[Saved data entries]
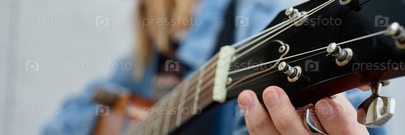 Заголовок с девушкой, играющей на акустической гитаре во время музыкальной практики
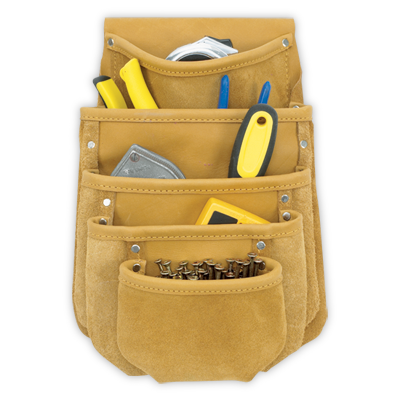 Signature Elite, the ultimate line of work gear includes this hammer/tool holder made with heavy-duty top grain premium leather including a large pocket for pliers or other tools and a steel hammer loop.
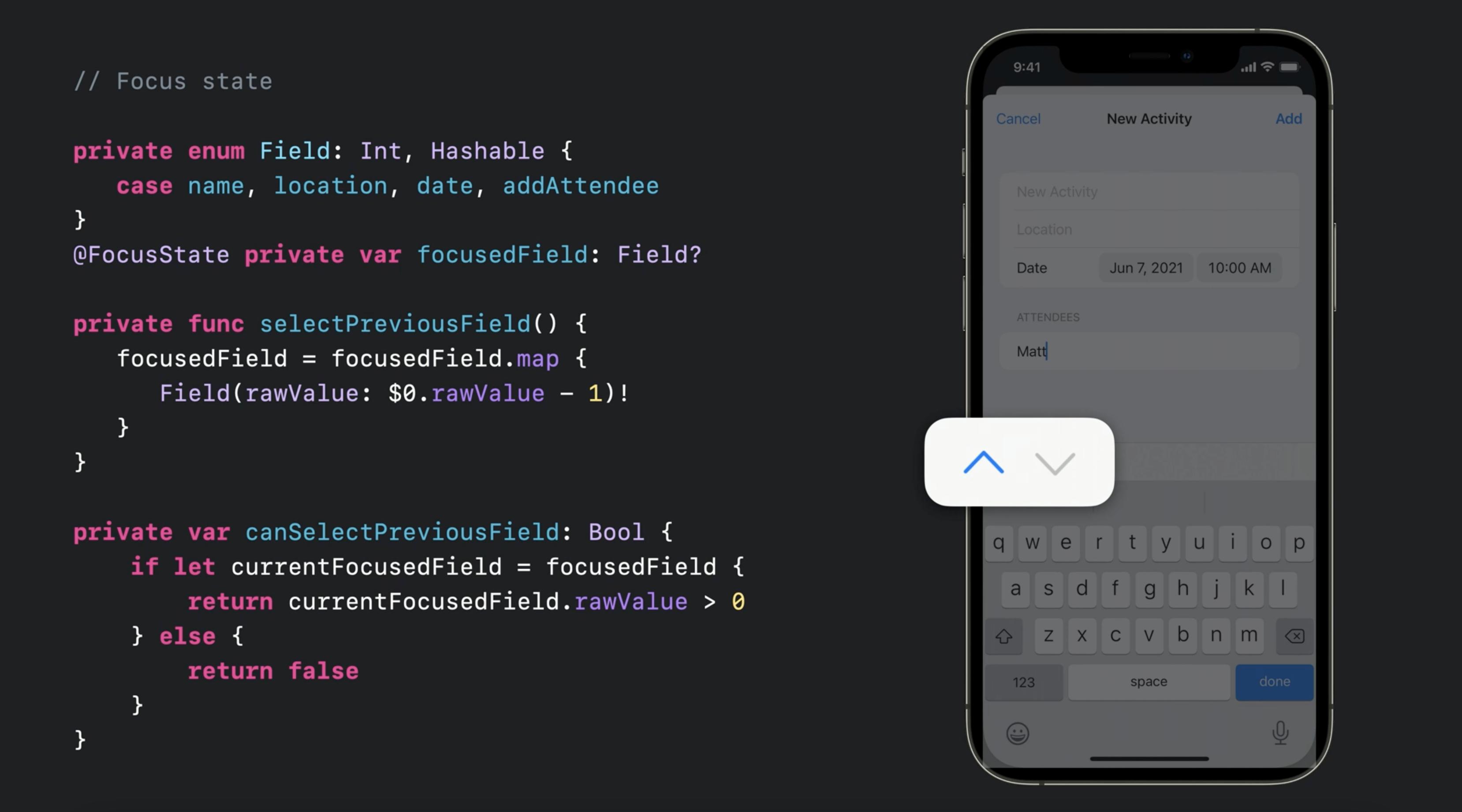 今年,苹果推出了一个新的修饰符,同时还推出了一个名为@FocusState的新包装器,用于控制键盘和聚焦键盘(又名firstResponder)的状态。
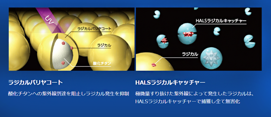 また、上記同様にラジカル制御機能もあるため、高耐候性で、期待耐用年数が15~18年と長く保つ塗料です!
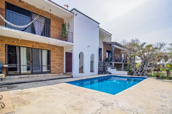 Nocnok id: nn-gud619. *a nivel de calle:* portón manual 4 lugares de estacionamiento jardín escaleras para ingresar al interior de la casa *al subir escaleras:* terraza alberca cuarto de máquinas bun...
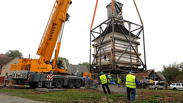 Přesun kaple v obci Křídla na Žďársku. Celá historická stavba se s pomocí jeřábu stěhovala dál od silnice.
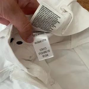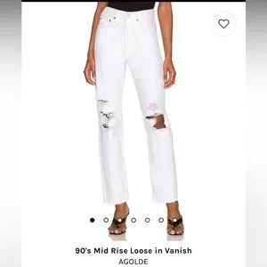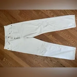 Agolde mid rise 90s (which are actually still a 12” rise) in colour Vanish (actual white). Purchased from Revolve last year. Please note that there is a stain on the front pocket, my tide to go stick reacted with too much direct sunlight and turned a little patch pale yellow. Should be fixed with bleach, price reflects this flaw. Open to offers!
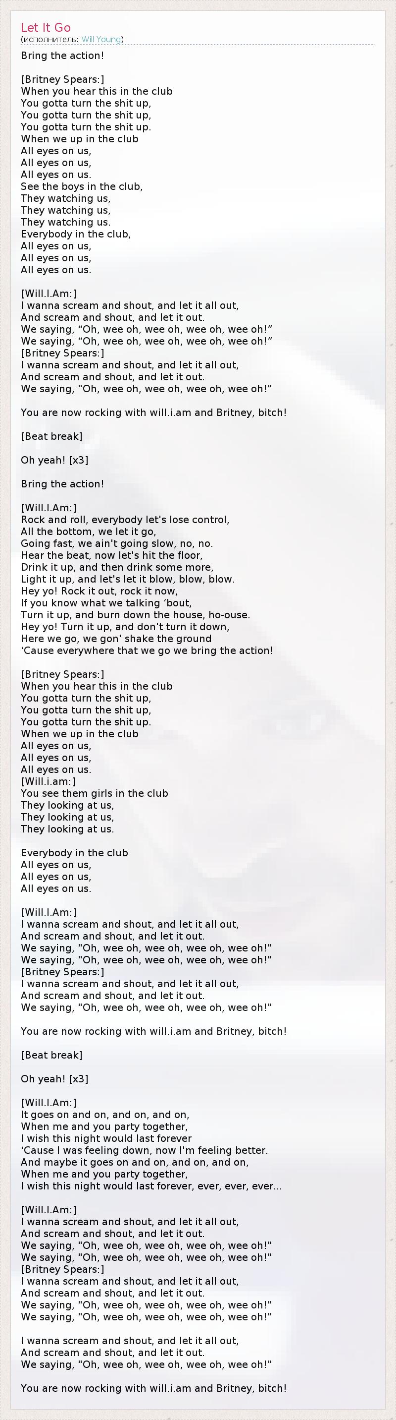 Нынче ты зажигаешь с уилл.ай.эмом и Бритни, с**ка!

Exercise ::
For this exercise, transcribe the entries verbatim and skip all pictures.

Expected answer ::
 Заголовок с девушкой, играющей на акустической гитаре во время музыкальной практики
 Signature Elite, the ultimate line of work gear includes this hammer/tool holder made with heavy-duty top grain premium leather including a large pocket for pliers or other tools and a steel hammer loop.
 今年,苹果推出了一个新的修饰符,同时还推出了一个名为@FocusState的新包装器,用于控制键盘和聚焦键盘(又名firstResponder)的状态。
 また、上記同様にラジカル制御機能もあるため、高耐候性で、期待耐用年数が15~18年と長く保つ塗料です!
 Nocnok id: nn-gud619. *a nivel de calle:* portón manual 4 lugares de estacionamiento jardín escaleras para ingresar al interior de la casa *al subir escaleras:* terraza alberca cuarto de máquinas bun...
 Přesun kaple v obci Křídla na Žďársku. Celá historická stavba se s pomocí jeřábu stěhovala dál od silnice.
 Agolde mid rise 90s (which are actually still a 12” rise) in colour Vanish (actual white). Purchased from Revolve last year. Please note that there is a stain on the front pocket, my tide to go stick reacted with too much direct sunlight and turned a little patch pale yellow. Should be fixed with bleach, price reflects this flaw. Open to offers!
 Нынче ты зажигаешь с уилл.ай.эмом и Бритни, с**ка!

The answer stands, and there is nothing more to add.